____ Dataset section

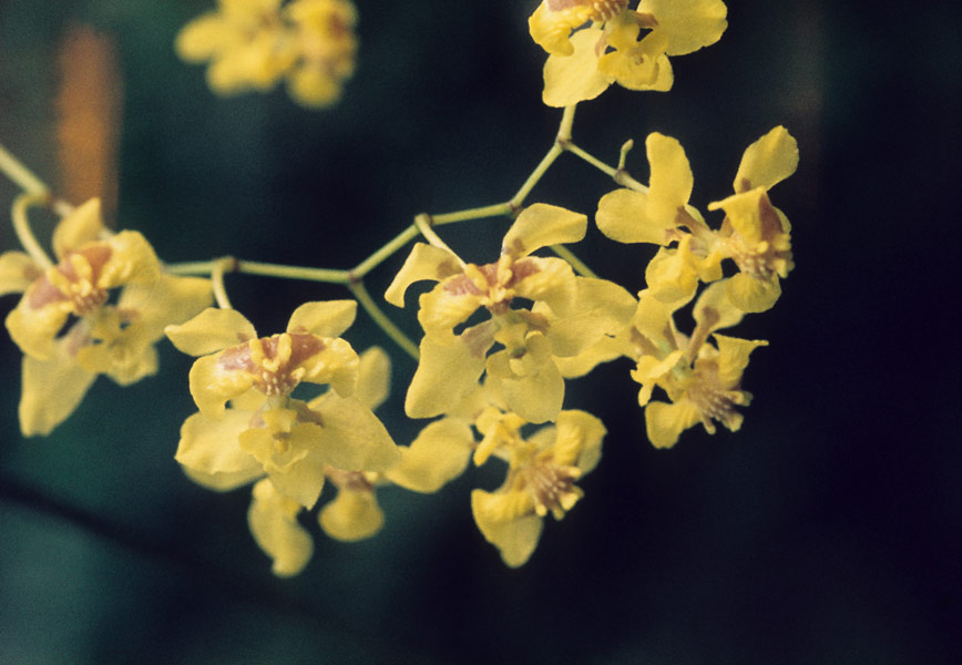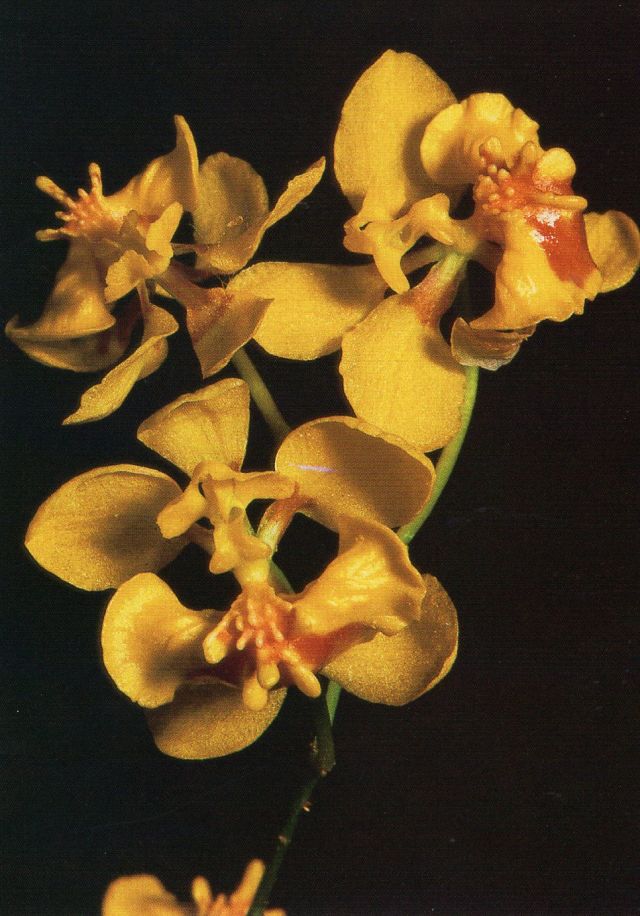 Found in Ecuador and Peru at elevations around 1800 to 2100 meters as a small sized, cool to cold growing epiphyte with ovate to elliptical, laterally compressed, ancipitous pseudobulbs enveloped basally by 2 pairs of foliaceous sheaths and carrying 2 to 3, apical, conduplicate, lanceolate, acute leaves that blooms on a 17 to 40" [42 to 100 cm] long, ascending to erect then nodding, paniculate, central stem fractiflex, 5 to 8 branched, rebranching, all in the apical 1/3, each branch 6 to 12 flowered, many flowered inflorescence.
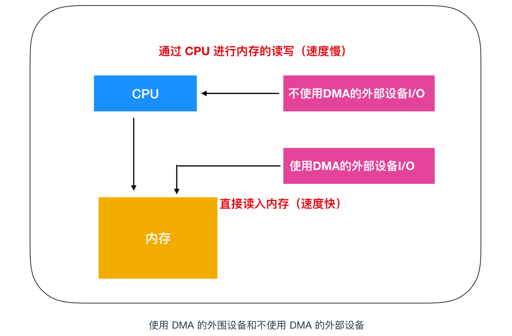上面我们介绍了 I/O 处理和中断的关系,下面我们来介绍一下另外一个机制,这个机制就是 DMA(Direct Memory Access)。DMA 是指在不通过 CPU 的情况下,外围设备直接和主存进行数据传输。磁盘等硬件设备都用到了 DMA 机制,通过 DMA,大量数据可以在短时间内实现传输,之所以这么快,是因为 CPU 作为中介的时间被节省了,下面是 DMA 的传输过程
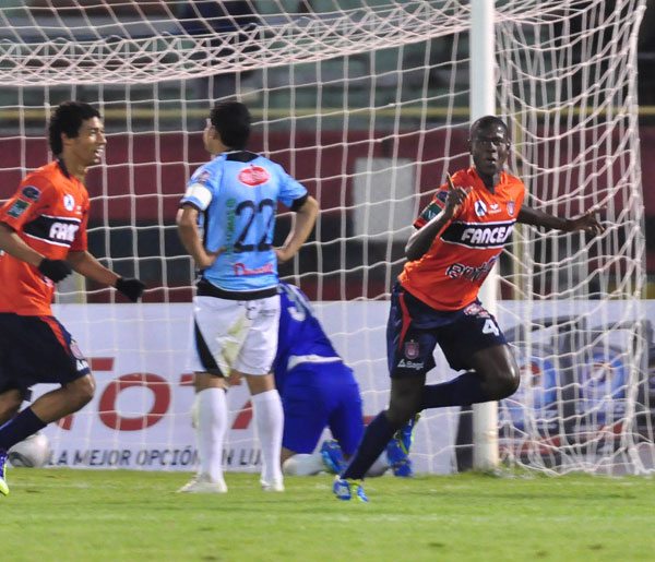 La “U” manejó el medio campo y cerró los espacios para la salida de Aurora. Ese juego dio frutos en el minuto 16 cuando Leonel Morales remató con fuerza pero el arquero Da Silva envió el esférico al corner. El tiro de esquina lo cobró Gomes, y como con la mano envió el centro a Jefferson Lopes que de cabeza y saltando por encima de toda la defensa convirtió el 1 a 0 transitorio para Universitario a los 17‘.
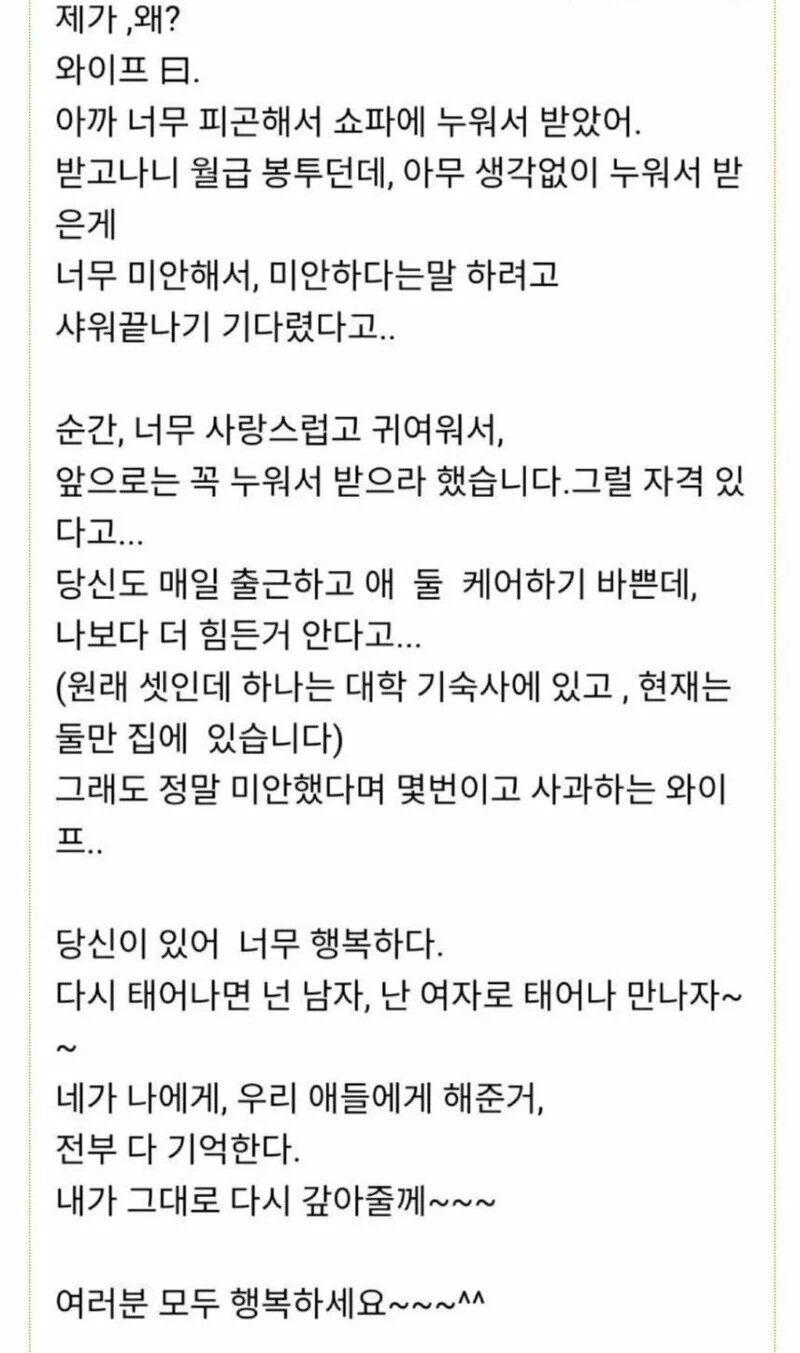남편 월급 누워서받은게 너무 미안하다는 아내

________

→ About this task:
Each line from the one with "上面我们介绍了 I/O 处理和中断的关系,下面我们来介绍一下另外一个机制,这个机制就是" to the final line of the data above is to be printed exactly; no picture should appear in the copy.

→ Result for this task:
上面我们介绍了 I/O 处理和中断的关系,下面我们来介绍一下另外一个机制,这个机制就是 DMA(Direct Memory Access)。DMA 是指在不通过 CPU 的情况下,外围设备直接和主存进行数据传输。磁盘等硬件设备都用到了 DMA 机制,通过 DMA,大量数据可以在短时间内实现传输,之所以这么快,是因为 CPU 作为中介的时间被节省了,下面是 DMA 的传输过程
 La “U” manejó el medio campo y cerró los espacios para la salida de Aurora. Ese juego dio frutos en el minuto 16 cuando Leonel Morales remató con fuerza pero el arquero Da Silva envió el esférico al corner. El tiro de esquina lo cobró Gomes, y como con la mano envió el centro a Jefferson Lopes que de cabeza y saltando por encima de toda la defensa convirtió el 1 a 0 transitorio para Universitario a los 17‘.
남편 월급 누워서받은게 너무 미안하다는 아내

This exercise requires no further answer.